■ ABOUT THIS TASK
Using the data below, transcribe exactly everything from the line that contains "如果你有耐心,调出李子园当下" down to the line that contains "Квартира расположена на". Include both of those lines and none of the pictures.
------ RECORDED INFORMATION ------
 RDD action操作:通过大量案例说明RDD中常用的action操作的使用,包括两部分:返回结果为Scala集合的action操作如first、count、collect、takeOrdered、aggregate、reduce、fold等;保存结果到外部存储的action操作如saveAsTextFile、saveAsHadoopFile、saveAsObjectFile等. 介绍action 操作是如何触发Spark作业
------
------ RECORDED INFORMATION ------
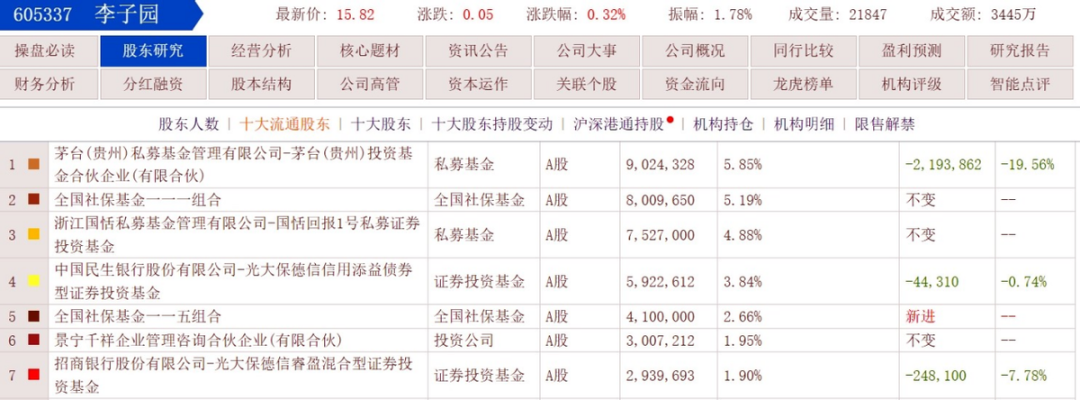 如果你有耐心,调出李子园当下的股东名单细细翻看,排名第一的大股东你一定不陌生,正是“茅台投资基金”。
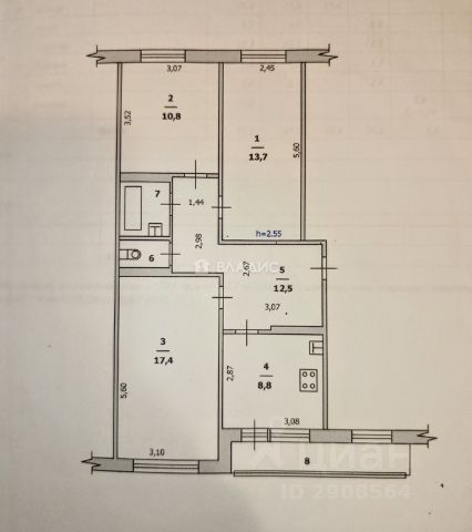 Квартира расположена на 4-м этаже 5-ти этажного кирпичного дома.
------
■ OUTPUT OF THE TASK
 如果你有耐心,调出李子园当下的股东名单细细翻看,排名第一的大股东你一定不陌生,正是“茅台投资基金”。
 Квартира расположена на 4-м этаже 5-ти этажного кирпичного дома.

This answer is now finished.